Потом Андреевич предложил всем выпить за встречу. Я отказался, я пошел спать, поблагодарив за предложение присоединиться (я пить не хотел — перегрузился на Млоконе!)
— Это вы книжку написали? — спросил меня Налейкин, когда я уже выходил из рубки.
— Я.
— А я смотрю, лицо знакомое. Я читал.
— Я знаю, — ответил я, и остановился.
Но больше ничего не последовало.
— Спокойной ночи, — пожелал я. — Ещё увидимся.
— А может?… — Налейкин кивнул на бутылку.

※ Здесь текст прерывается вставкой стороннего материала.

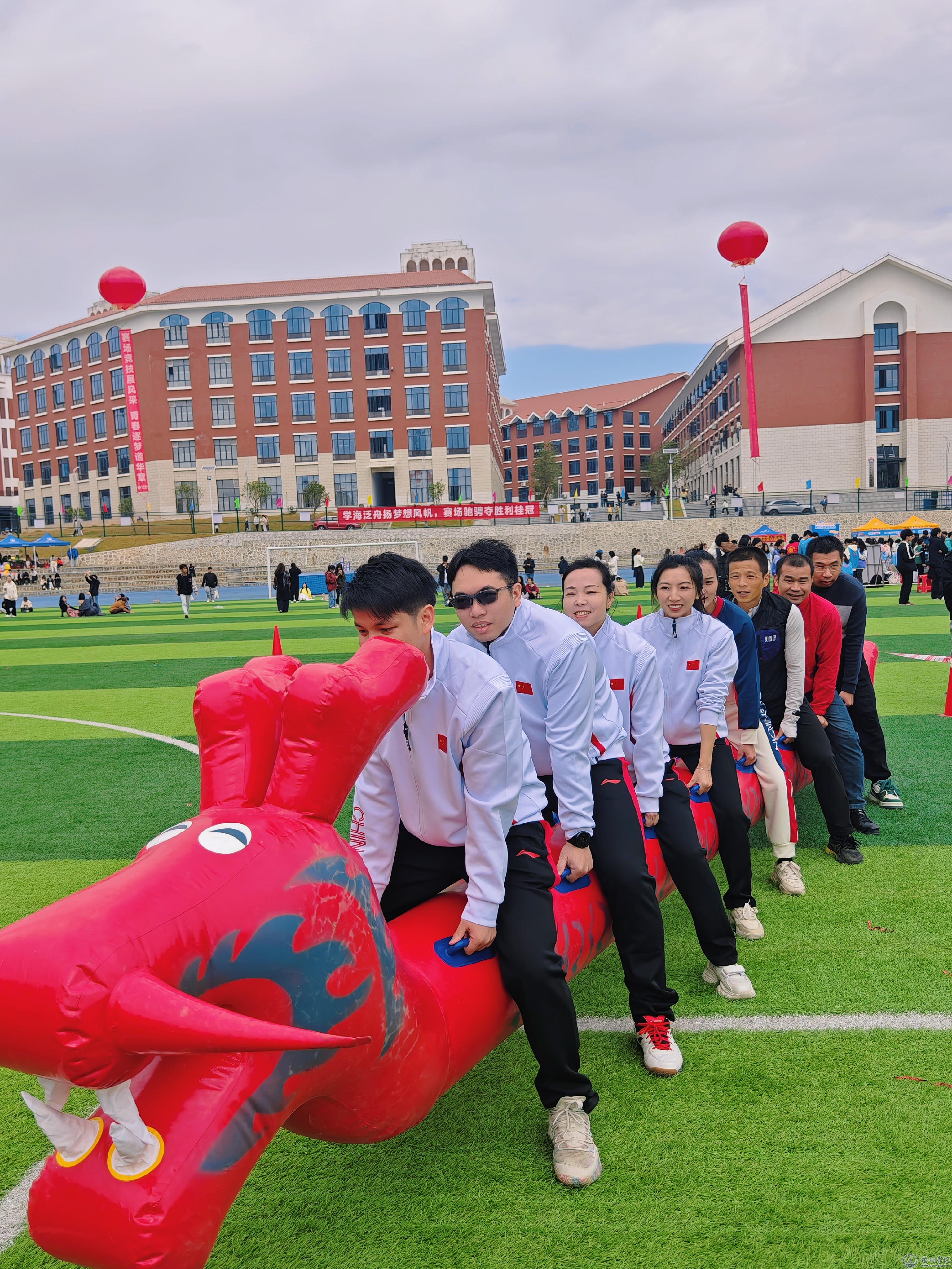 本届趣味运动赛设有齐心协力、趣味夹球、龙舟竞速、抛绣球四个项目,赛场上尽显协作与竞争精神,参赛者们精神抖擞,奋勇争先,展现我校教职工青春风采,既显现个人实力,更彰显集体力量。场外观众欢呼声此起彼伏,现场竞赛气氛热烈激昂。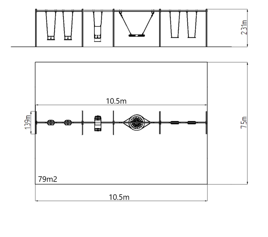 | Fall damping surface: | Rubber or gravel 79 m2 |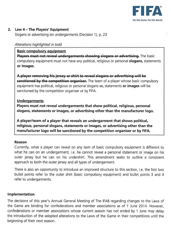 (Law 4 The Players' Equipment) to have numbers on the players' Jersey.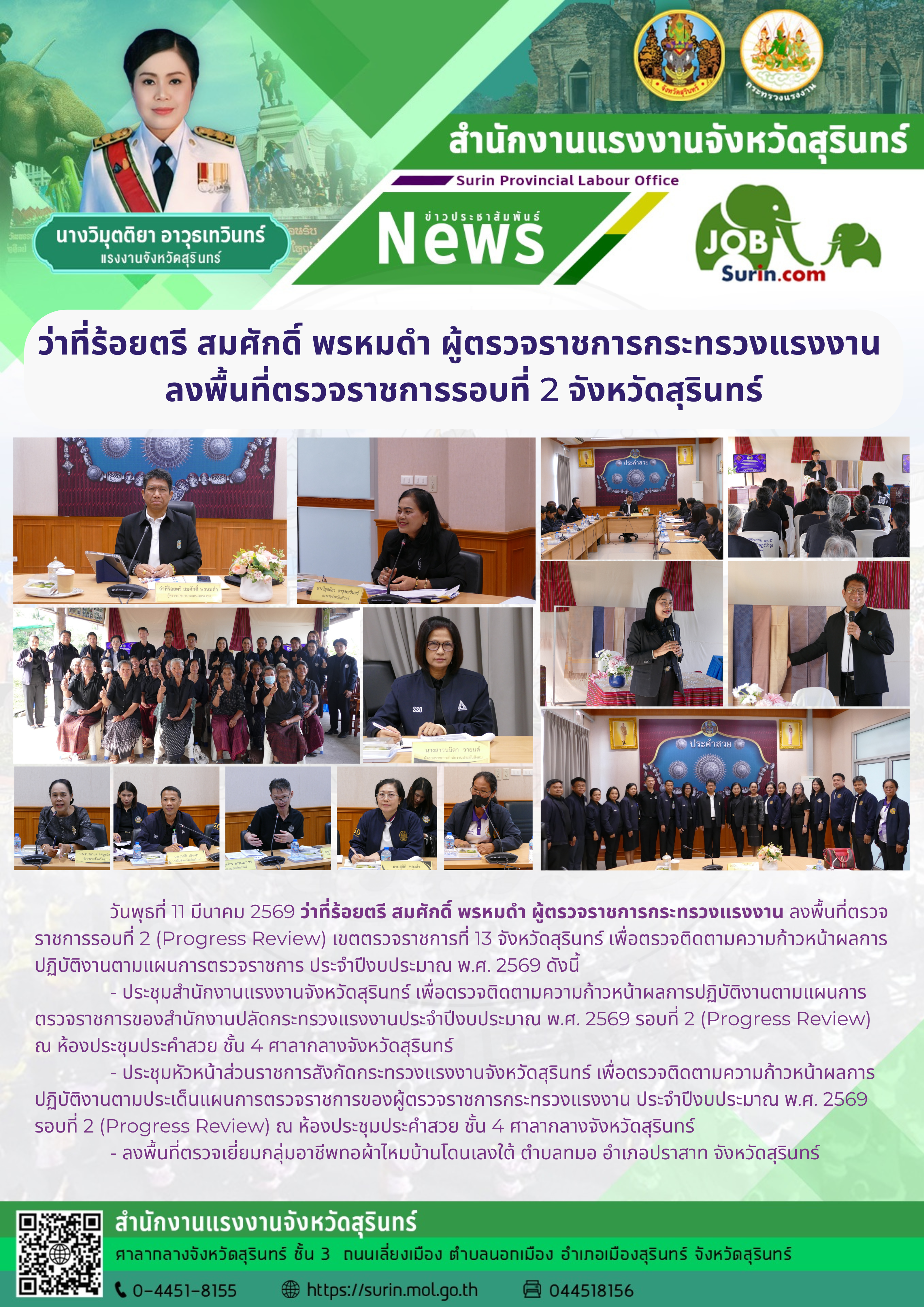 ว่าที่ร้อยตรี สมศักดิ์ พรหมดำ ผู้ตรวจราชการกระทรวงแรงงาน ลงพื้นที่ตรวจราชการรอบที่ 2 จังหวัดสุรินทร์

— Нет, спасибо. Я — спать. Завтра день будет трудный — на Рытый идем.
— На Рытый?
— В ущелье.
— А-а! Трапезников прошлый раз оттуда школьников привел.
— В смысле?
— Ну, школьников. После школы. Он всё время кого-то водит. Прошлый раз — школьников. Посадил их на корабль, а сам — обратно.
— Через ущелье Риты?
— Да. Через ущелье. А что?
— Так там же, пишут, человек не ходил.
— Ходил, Трапезников ещё тогда и двух священников провел, когда они часовню на истоке Лены освящали. Трапезников там постоянно ходит.
— То есть, оно проходимо?
— Конечно.
— А почему никто ничего не знает?
— А кто знать должен?
— Ну, не знаю. В книгах пишут — инопланетяне, медведи и всё такое.
— Не знаю — не ходил.
Налейкин испортил настроение.
— Значит, мы — не первые.
— Трапеза постоянно ходит.
— Понятно, — я протянул ему руку. — Спасибо за информацию. Я — спать.
Анатолий криво улыбнулся и пожелал мне спокойной ночи.
Зайдя в каюту к Палычу с сотоварищами, я рассказал про Трапезникова. Эта информация немного огорчила всех. Но…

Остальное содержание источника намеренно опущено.